── Information shown

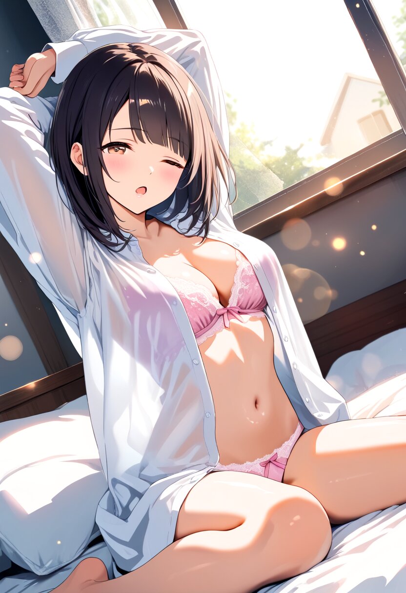1girl, petite, cute, dark black hair, medium hair, straight hair, right diagonal bangs, head tilt, tareme:1.4, beautiful brown eyes, one eye closed, beautiful lips, pink lips, glossy lips, parted lips, open mouth, yawning, sleepy, blush, pink lace bra, pink lace panties, visible through oversized shirt, unbuttoned, medium breasts, cleavage, navel, on bed, wariza, stretching, arms up, dutch angle, morning, morning sun, bedroom, window, see-through lace curtains, pillow, bokeh, Dreamy Blur, light particles,
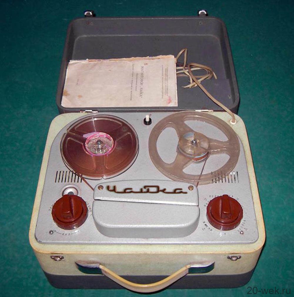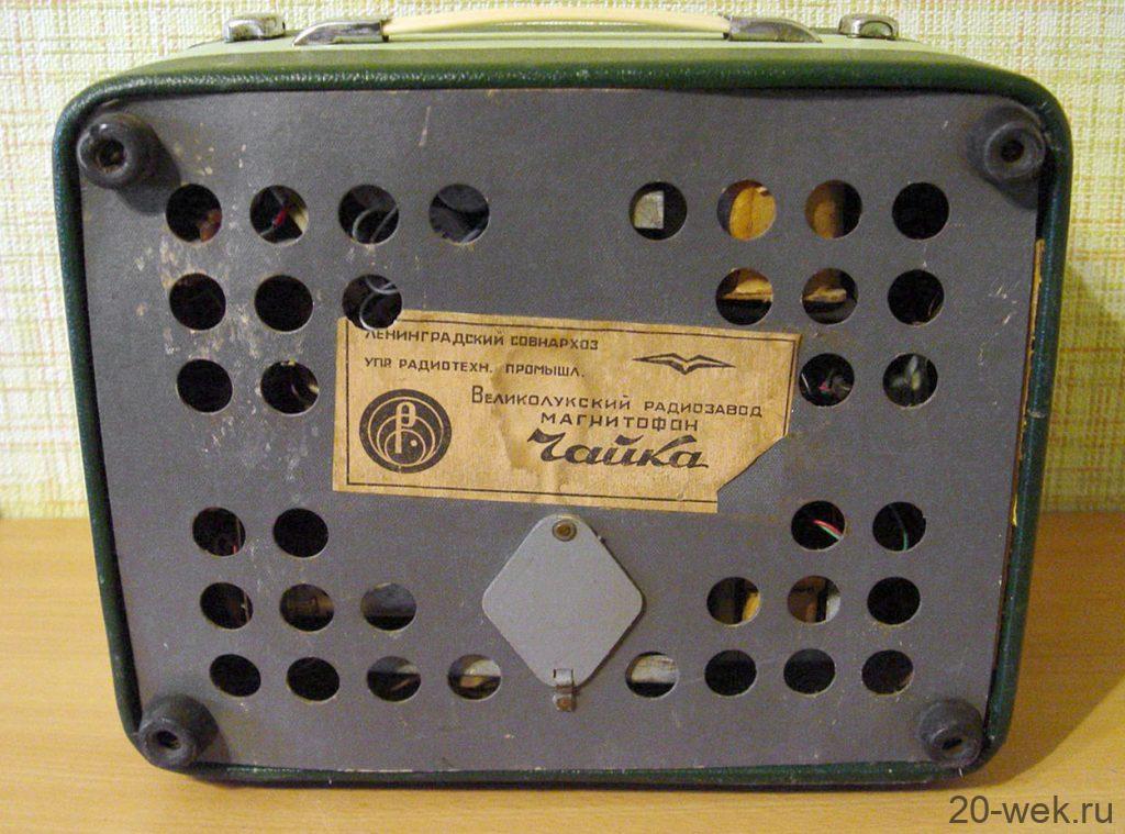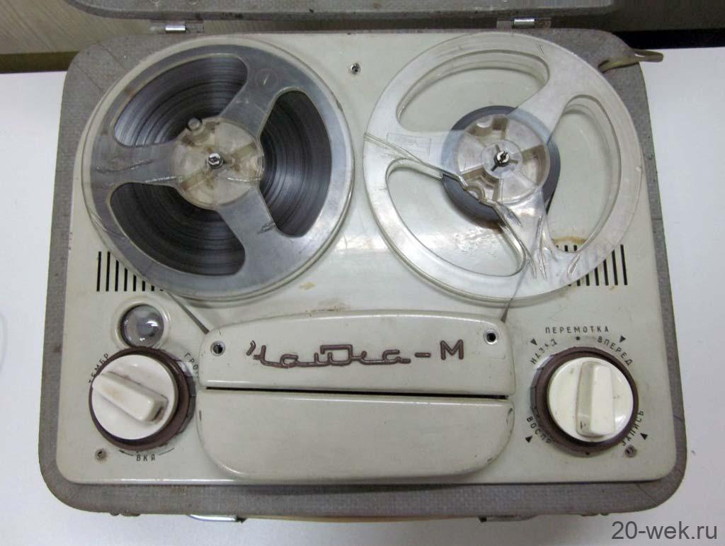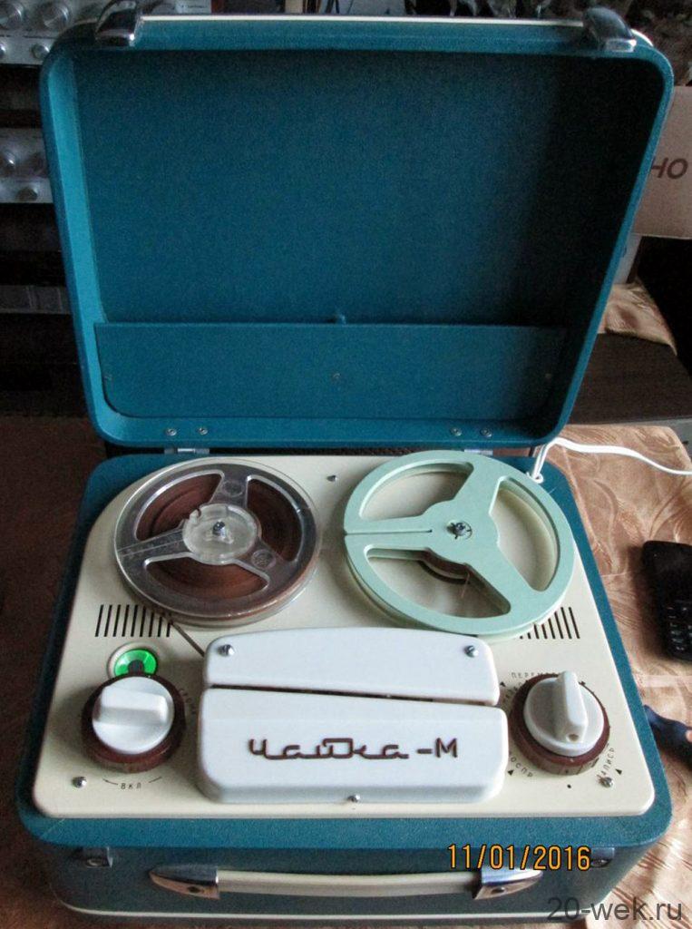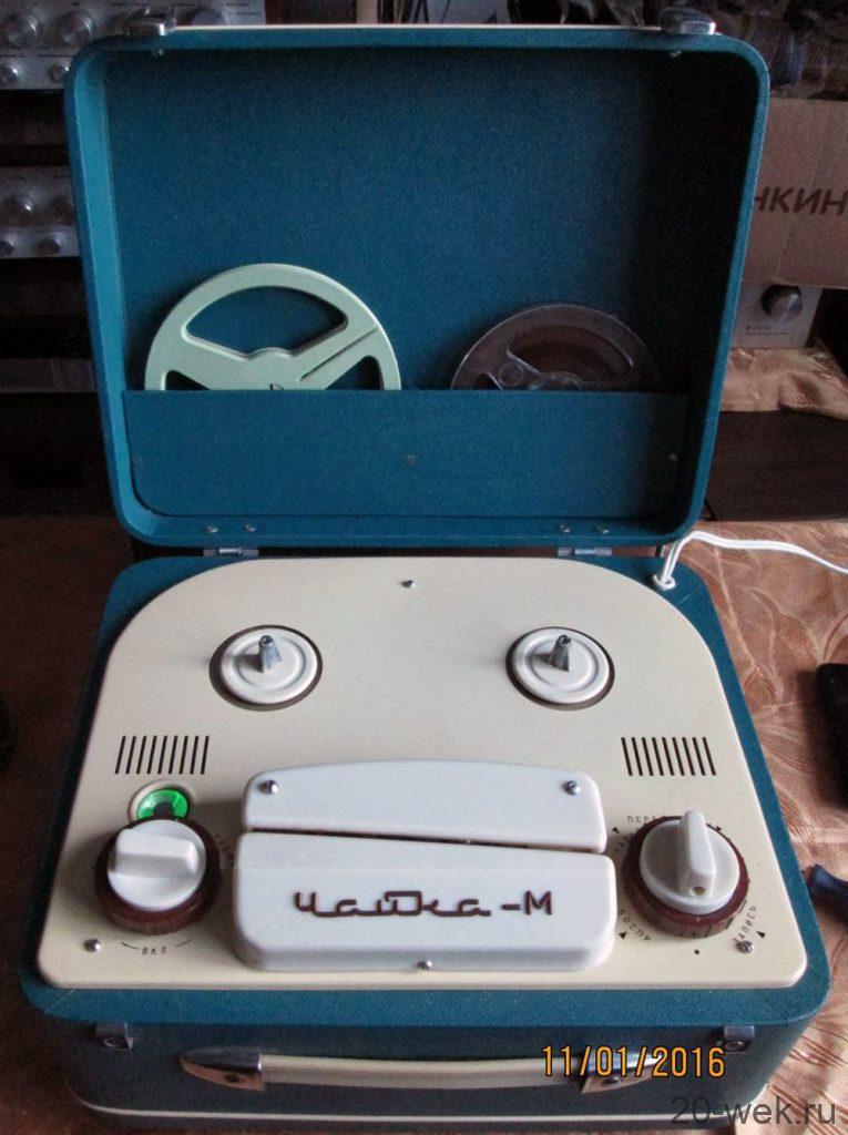 Магнитофоны «Чайка» и «Чайка-М» выпускал с 1960 и 1964 года Великолукский радиозавод. »Чайка» — модернизация модели «Чайка» 1956 года. Он служит для записи и воспроизведения фонограмм. Скорость 9,53 см/сек. Катушки вмещают 240 м. магнитной ленты. Запись 2-х дорожечная, длительность записи 40 мин. При использовании ленты типа 2 или СН полоса рабочих частот 40…6000 Гц. Номинальная выходная мощность 1 Вт. В магнитофоне применены 4 радиолампы. Корпус из гнутой фанеры, облицован синтетическим пластиком.
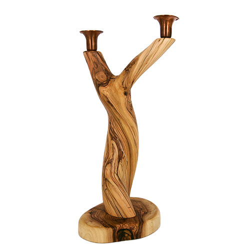Olive Wood Hand Carved Candelabra (One-Of-A-Kind) - 2 Stems - Style A

────

- Instructions to follow -
Retype the listing above exactly, please. Pictures do not belong in the copy.

- Solution -
1girl, petite, cute, dark black hair, medium hair, straight hair, right diagonal bangs, head tilt, tareme:1.4, beautiful brown eyes, one eye closed, beautiful lips, pink lips, glossy lips, parted lips, open mouth, yawning, sleepy, blush, pink lace bra, pink lace panties, visible through oversized shirt, unbuttoned, medium breasts, cleavage, navel, on bed, wariza, stretching, arms up, dutch angle, morning, morning sun, bedroom, window, see-through lace curtains, pillow, bokeh, Dreamy Blur, light particles,
 Магнитофоны «Чайка» и «Чайка-М» выпускал с 1960 и 1964 года Великолукский радиозавод. »Чайка» — модернизация модели «Чайка» 1956 года. Он служит для записи и воспроизведения фонограмм. Скорость 9,53 см/сек. Катушки вмещают 240 м. магнитной ленты. Запись 2-х дорожечная, длительность записи 40 мин. При использовании ленты типа 2 или СН полоса рабочих частот 40…6000 Гц. Номинальная выходная мощность 1 Вт. В магнитофоне применены 4 радиолампы. Корпус из гнутой фанеры, облицован синтетическим пластиком.
Olive Wood Hand Carved Candelabra (One-Of-A-Kind) - 2 Stems - Style A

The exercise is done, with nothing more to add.